PROBLEM REQUIREMENTS:
Everything except the pictures should be printed exactly as it appears in the records.

==== INFORMATION PROVIDED ====

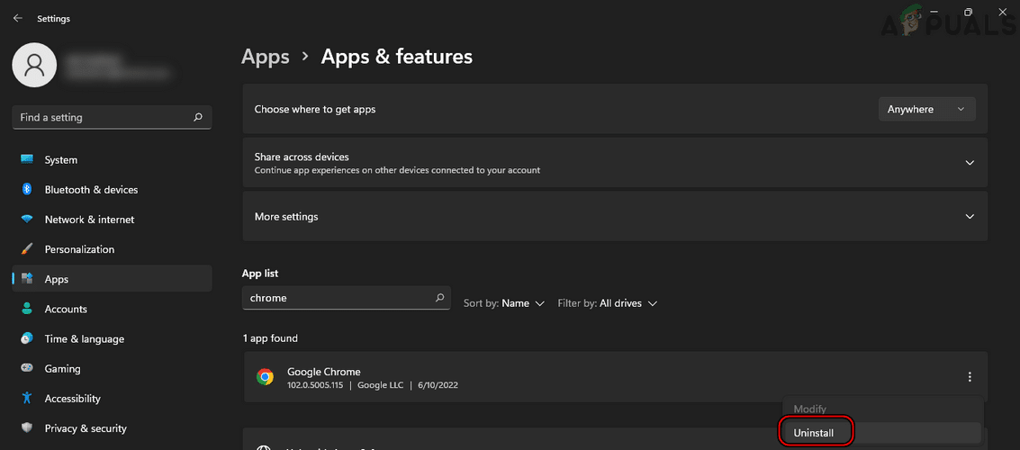 - ثم انقر على إلغاء التثبيت واتبع التعليمات التي تظهر على الشاشة لإلغاء تثبيت Chrome.
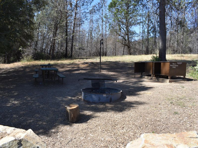 Horse Camp Primitive Campground is located in the southeast corner of Whiskeytown National Recreation Area, 15 miles west of Redding, California. This is the only campground in the park designed to accommodate camping with horses, featuring an open area that allows ease of parking for horse trailers. However, horseback riders share the campground with visitors who may not have horses. The campground features 2 primitive sites in partial shade under foothill pines. Both sites include bear-proof storage lockers, picnic tables, lamp poles, fire pits with swing-arm BBQ grills, and a shared ADA-accessible vault toilet. Each site can accommodate a maximum of 10 people and 3 vehicles, with a maximum combined vehicle and trailer length of 25 feet. Potable water is available from a spigot most of the year. Note that there are no corrals, tie posts or rails, or water troughs onsite. Whiskeytown National Recreation Area sits where the Klamath Mountains, Cascade and Coast Mountain Ranges, and Sacramento Valley meet, creating diverse wildlife and landscapes. The cool, clear waters of 3,200-acre Whiskeytown Lake provide year-round recreation opportunities including fishing, kayaking, sailing, and paddle boarding. Several trails are accessible from the campground for horseback riding, hiking, and mountain biking through the forested backcountry. Brandy Creek Beach is located 5.5 miles away and features sandy beaches, swimming areas, and seasonal amenities.
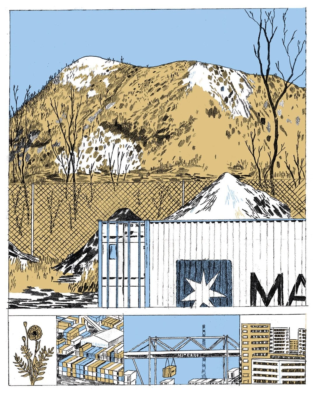 Místní jí neřeknou jinak než Kilimandžáro. „Jde o kopec vzniklý z navážky z okolních staveb a můžete odtud v přímém přenosu sledovat globalizaci, tedy pohyb na kontejnerovém překladišti Metrans,“ popisuje autor jedno ze svých nejmilejších míst v knize. Celkem jich pro projekt prošel a ilustroval téměř šedesát.
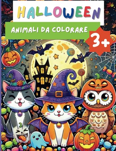 Hallowen animali da colorare: libro da colorare per bambini a tema Halloween, con foglio salva pagina, età 3+
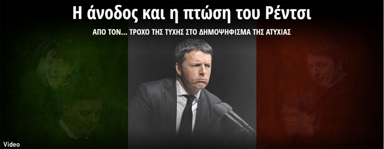 «Η νίκη έχει πολλούς πατέρες. Η ήττα είναι ορφανή». Ξεκινώντας από αυτήν την κλασική πολιτική ρήση, η «Süddeutsche Zeitung» εκτιμά ότι στην περίπτωση του ιταλικού δημοψηφίσματος η ήττα έχει πρόσωπο και όνομα, και αυτό δεν είναι άλλο από τον πρωθυπουργό Ματέο Ρέντσι, «που έσπευσε αμέσως να αναλάβει την πατρότητα του καταστροφικού δημοψηφίσματος και μέσω της παραίτησής του να μην αποποιηθεί τις συνέπειες».
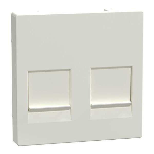 | Kurzbeschreibung | Zentralplatte für Modular Jack 2fach mit Staubschutzschieber, polarweiß glänzend, System M |
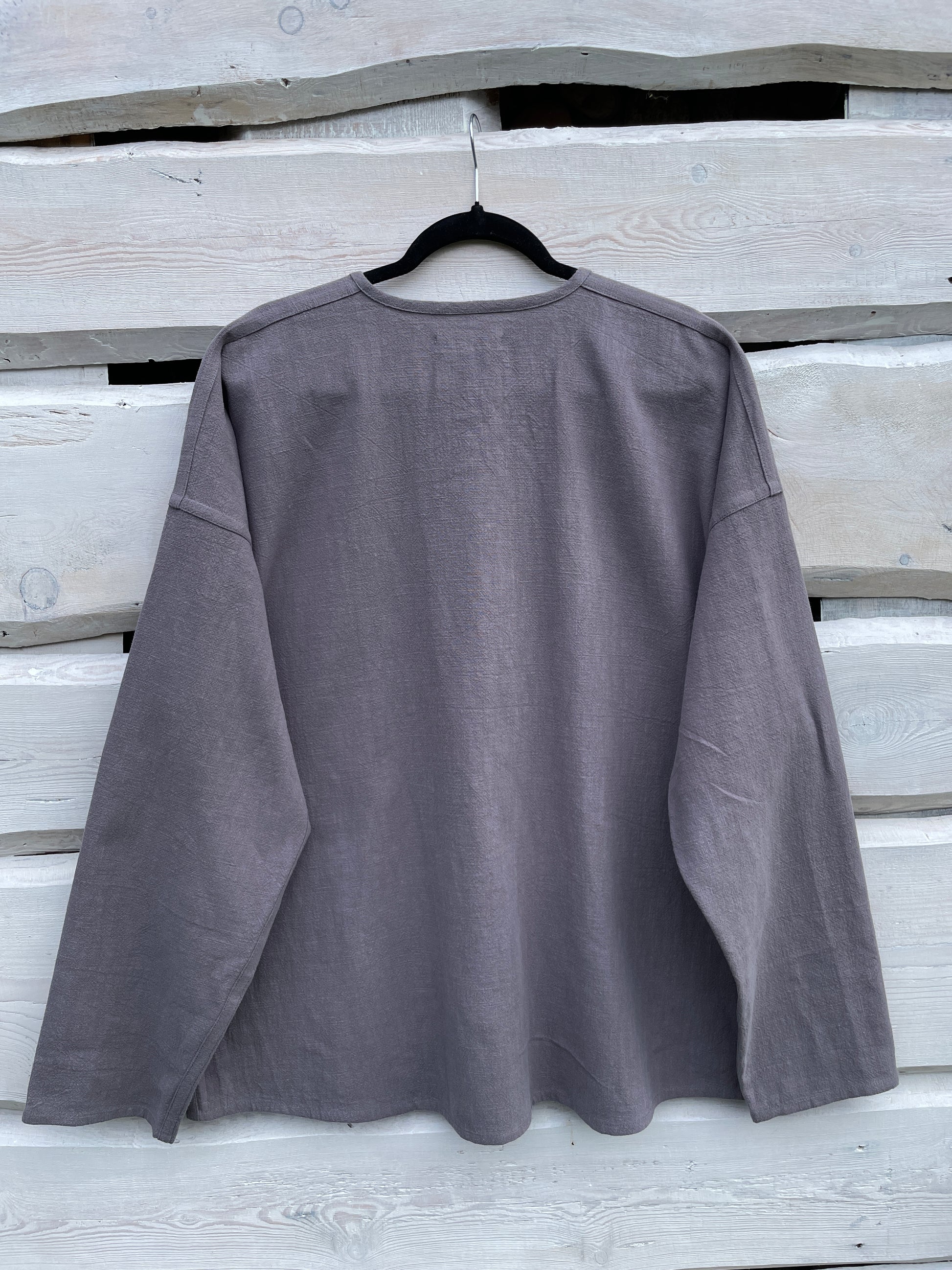 Vīriešu krekls tumši pelēks zilgans etnogrāfiska piegriezuma ar garām piedurknēm.

====

ANSWER TO THE PROBLEM:
 - ثم انقر على إلغاء التثبيت واتبع التعليمات التي تظهر على الشاشة لإلغاء تثبيت Chrome.
 Horse Camp Primitive Campground is located in the southeast corner of Whiskeytown National Recreation Area, 15 miles west of Redding, California. This is the only campground in the park designed to accommodate camping with horses, featuring an open area that allows ease of parking for horse trailers. However, horseback riders share the campground with visitors who may not have horses. The campground features 2 primitive sites in partial shade under foothill pines. Both sites include bear-proof storage lockers, picnic tables, lamp poles, fire pits with swing-arm BBQ grills, and a shared ADA-accessible vault toilet. Each site can accommodate a maximum of 10 people and 3 vehicles, with a maximum combined vehicle and trailer length of 25 feet. Potable water is available from a spigot most of the year. Note that there are no corrals, tie posts or rails, or water troughs onsite. Whiskeytown National Recreation Area sits where the Klamath Mountains, Cascade and Coast Mountain Ranges, and Sacramento Valley meet, creating diverse wildlife and landscapes. The cool, clear waters of 3,200-acre Whiskeytown Lake provide year-round recreation opportunities including fishing, kayaking, sailing, and paddle boarding. Several trails are accessible from the campground for horseback riding, hiking, and mountain biking through the forested backcountry. Brandy Creek Beach is located 5.5 miles away and features sandy beaches, swimming areas, and seasonal amenities.
 Místní jí neřeknou jinak než Kilimandžáro. „Jde o kopec vzniklý z navážky z okolních staveb a můžete odtud v přímém přenosu sledovat globalizaci, tedy pohyb na kontejnerovém překladišti Metrans,“ popisuje autor jedno ze svých nejmilejších míst v knize. Celkem jich pro projekt prošel a ilustroval téměř šedesát.
 Hallowen animali da colorare: libro da colorare per bambini a tema Halloween, con foglio salva pagina, età 3+
 «Η νίκη έχει πολλούς πατέρες. Η ήττα είναι ορφανή». Ξεκινώντας από αυτήν την κλασική πολιτική ρήση, η «Süddeutsche Zeitung» εκτιμά ότι στην περίπτωση του ιταλικού δημοψηφίσματος η ήττα έχει πρόσωπο και όνομα, και αυτό δεν είναι άλλο από τον πρωθυπουργό Ματέο Ρέντσι, «που έσπευσε αμέσως να αναλάβει την πατρότητα του καταστροφικού δημοψηφίσματος και μέσω της παραίτησής του να μην αποποιηθεί τις συνέπειες».
 | Kurzbeschreibung | Zentralplatte für Modular Jack 2fach mit Staubschutzschieber, polarweiß glänzend, System M |
 Vīriešu krekls tumši pelēks zilgans etnogrāfiska piegriezuma ar garām piedurknēm.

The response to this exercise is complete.